Figure 4: (A–J) Violin plot of differential immune cell infiltration between two clusters with different states of glycolysis. The number between the two violin plots represents the P-value (B lineage: P = 0.0000018, CD8 T cells: P = 0.0000015, cytotoxic lymphocytes: P < 0.0000001, endothelial cells: P < 0.0000001, fibroblasts: P = 0.00033, monocytic lineage: P < 0.0000001, myeloid dendritic cells: P < 0.0000001, neutrophils = 0.053, natural killer cells: P < 0.0000001, T cells: P < 0.0000001) (K) Sankey plot showing the relationship between glycolysis-related NMF clusters and immune subtypes.

In the mutation analysis, 118 of 200 samples were found to have a mutation in cluster 1 (59%), and 128 of 264 samples were found in cluster 2 (48.48%). The samples in cluster 1 had the most mutations in the TP53 gene (13%), and in cluster 2, the most mutations in the SPOP gene (13%). The main alteration was a missense mutation in both clusters (Figs. 5Aand 5B). Then, we analyzed the difference in TIDE scores between clusters (Fig. 5C). There was a significant difference in TIDE scores between the two clusters (P < 0.001). Cluster 2 had a higher TIDE score than cluster 1. In immune function analysis, the difference was significant in the scores of antigen-presenting cells (APC) co inhibition, APC co-stimulation, complete cytogenetic response, checkpoint, cytolytic activity, human leukocyte antigen, inflammation-promoting, major histocompatibility complex class 1, parainflammation, T-cell co-inhibition, T-cell co-stimulation, type I interferon (IFN) response, and type II IFN response between two clusters, with P < 0.001 (Fig. 5D).

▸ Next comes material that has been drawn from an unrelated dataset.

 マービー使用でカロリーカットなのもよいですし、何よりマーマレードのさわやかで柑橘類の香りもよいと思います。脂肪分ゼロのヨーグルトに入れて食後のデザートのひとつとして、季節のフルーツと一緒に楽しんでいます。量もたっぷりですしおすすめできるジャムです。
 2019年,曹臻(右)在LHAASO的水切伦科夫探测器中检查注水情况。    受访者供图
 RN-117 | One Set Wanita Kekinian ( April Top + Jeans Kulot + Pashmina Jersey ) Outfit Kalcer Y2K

All the differences in immune functions we investigated showed amazing consistency and that the immune function scores of cluster 1 were higher than those of cluster 2. In the checkpoint differential analysis, all of the immune checkpoints we investigated showed significant differences between the high-risk group and the low-risk group, such as CD80, CD86, and CD27 (Fig. 5E).

images

Figure 5: (A and B) The difference in mutation between clusters with different states of glycolysis. (C) The violin figure: comparison of tumor immune dysfunction and exclusion (TIDE) scores between the two clusters. (D) Box plots: the difference in immune functions between the two clusters. (E) Box plots: the expression of checkpoint-related genes between the two clusters (*P < 0.05; **P < 0.01; ***P < 0.001).

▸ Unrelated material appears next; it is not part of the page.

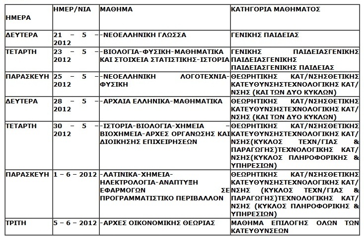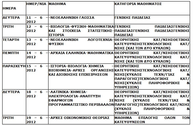 3. ΠΡΟΓΡΑΜΜΑ ΕΠΑΝΑΛΗΠΤΙΚΩΝ ΠΑΝΕΛΛΑΔΙΚΩΝ ΕΞΕΤΑΣΕΩΝ 2012 ΗΜΕΡΗΣΙΩΝ ΚΑΙ ΕΣΠΕΡΙΝΩΝ ΓΕΝΙΚΩΝ ΛΥΚΕΙΩΝ (ΓΕΛ)

Prognostic model establishment

Univariable Cox regression, LASSO analysis, and multivariable Cox regression were used to filter the prognostic genes (Figs. 6A and 6B). Fifteen glycolysis-related prognostic genes, namely, LAMPS, SPRN, ATOH1, TANC1, ETV1, TDRD1, KLK14, MESP2, POSTN, CRIP2, NAT1, AKR7A3, PODXL, CARTPT, and PCDHGB2, were finally selected. When the coefficient was positive, the gene was associated with high risk in PCa patients, while negative coefficients indicated low risk in PCa patients. The correlation among glycolysis-related prognostic genes was analyzed and is shown in Fig. 6C.

images

Figure 6: (A) Cross-validation was performed. The dotted line on the left represents the optimum penalty parameter. (B) Diagram for the locus of the coefficients of each independent variable. (C) A plot showing the correlation among 15 genes that were used to establish prognostic models. The sign “*” means the correlation is statistically significant.

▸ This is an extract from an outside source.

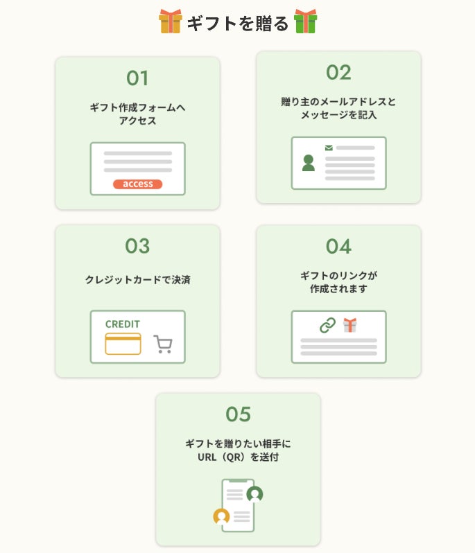 ギフトのURL(もしくはQRコード)をコピーして、贈りたい方へお好きなSNSやメールを使って送信すれば、プレゼント完了です!相手の住所やお名前がわからなくても贈ることが出来ます。

Based on 15 glycolysis-related prognostic genes, we established a glycolysis-related prognostic model for PCa. The risk score of the prognostic models was calculated, and the calculation method of the risk score was as follows: risk score = (0.480*LAMPS exp.) + (1.591*SPRN exp.) + (0.505*ATOH1 exp.) + (1.197*TANC1 exp.) + (0.250*ETV1 exp.) + (-0.390*TDRD1 exp.) + (0.298*KLK14 exp.) + (0.673*MESP2 exp.) + (0.841*POSTN exp.) + (1.047*CRIP2 exp.) + (-0.419*NAT1 exp.) + (1.635*AKR7A3 exp.) + (0.953*PODXL exp.) + (0.544*CARTPT exp.) + (0.801*PCDHGB2 exp.).

Good performance of the prognostic model in a series of validation tests

The TCGA samples were categorized into training and test groups. To verify the performance of predicting survival, Kaplan–Meier analysis and ROC analysis were performed. There were four different groups, including the TCGA all group (total samples from TCGA), the TCGA training group, the TCGA test group, and an external data validation group of samples from GEO (GEO group) (Figs. 7A7D).

images

Figure 7: Patients above the median risk score were assigned to the high-risk group; otherwise, patients were assigned to the low-risk group. (A–D) Kaplan–Meier curves for the survival probability between two risk groups. TCGA all group: P < 0.001. TCGA training group: P < 0.001. TCGA test: P = 0.022. GEO group: P < 0.001. (E–H) The ROC curves for different cohorts. Different colors are used to show the receiver operating characteristic (ROC) curves with different prediction times. (I–J) The Kaplan–Meier curves between high-risk and low-risk groups in histological score of < 8 (P < 0.001) or ≥ 8 (P < 0.001).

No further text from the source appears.